## What is required
Print the data once more, exactly as given. Drop the pictures.
[Supplied data — start]
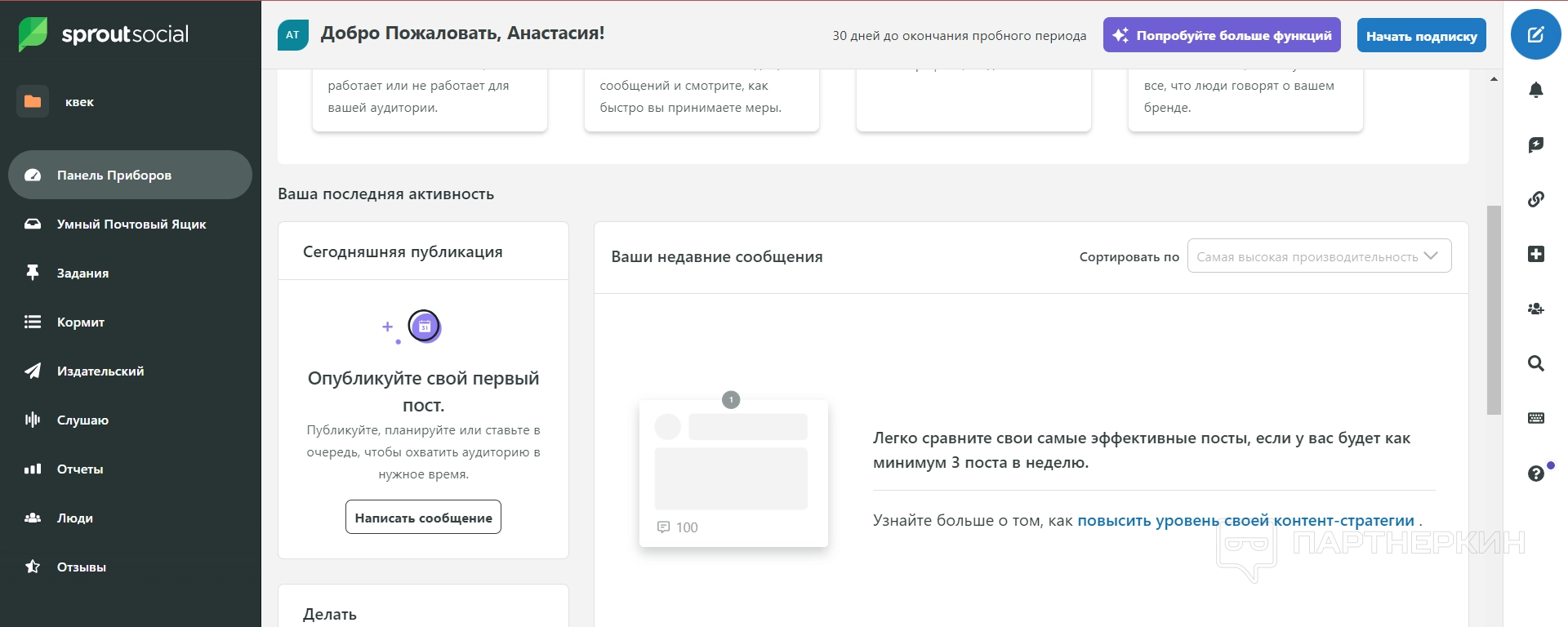 Дашборд — данный раздел включает информацию о последней активности пользователя. Например, можно посмотреть последние публикации в соцсети, по которым будет приводится статистика. С этого же раздела можно создать новую публикацию по желанию.
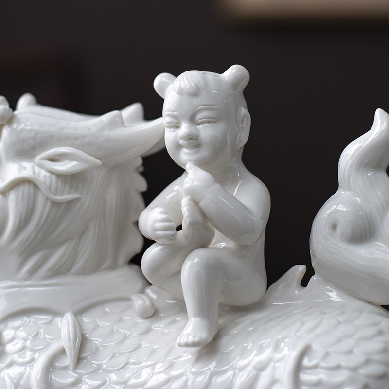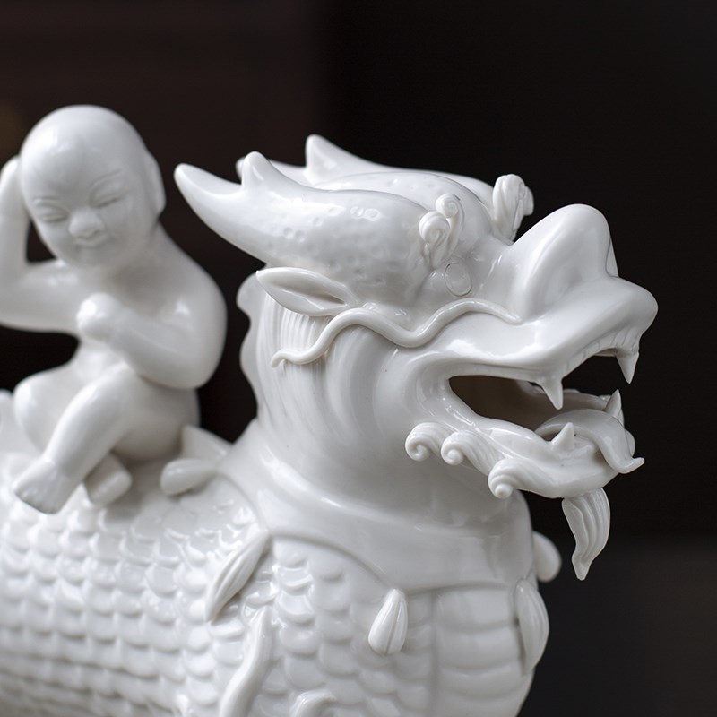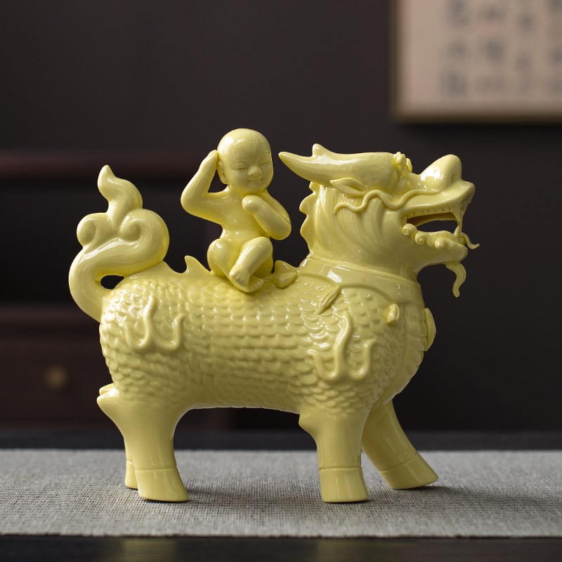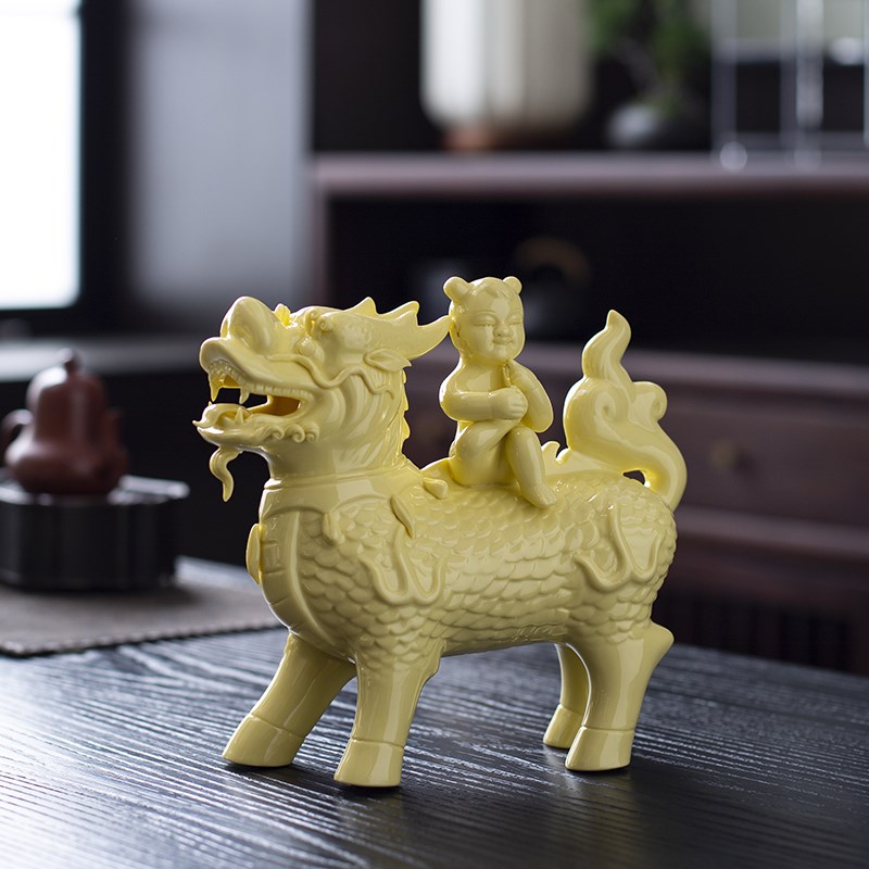 黄色陶瓷麒麟摆件一对工艺品家用客厅卧室瓷器火麒麟X送子饰品招
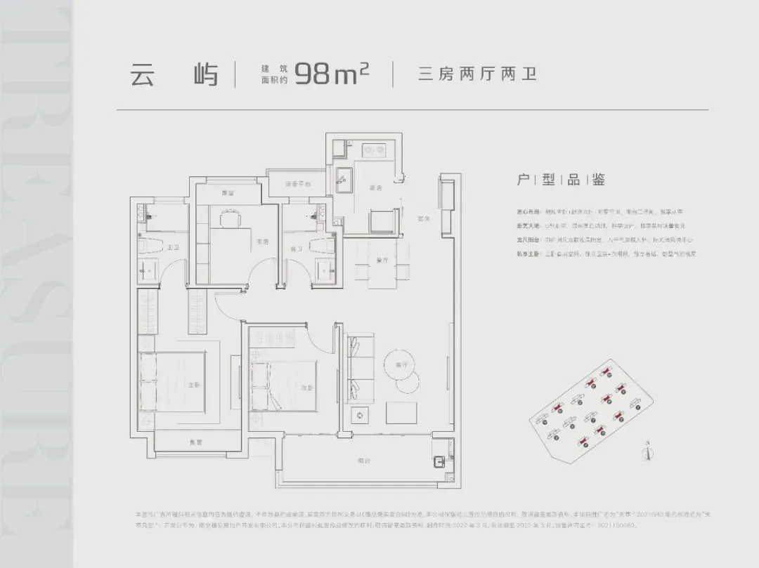 越秀天萃最大的誠意在于,這樣的產(chǎn)品總價約220萬起步,得到的是性價比之王建面約98㎡的三房兩衛(wèi)戶型。
[Supplied data — finish]
## Solution to the exercise
 Дашборд — данный раздел включает информацию о последней активности пользователя. Например, можно посмотреть последние публикации в соцсети, по которым будет приводится статистика. С этого же раздела можно создать новую публикацию по желанию.
 黄色陶瓷麒麟摆件一对工艺品家用客厅卧室瓷器火麒麟X送子饰品招
 越秀天萃最大的誠意在于,這樣的產(chǎn)品總價約220萬起步,得到的是性價比之王建面約98㎡的三房兩衛(wèi)戶型。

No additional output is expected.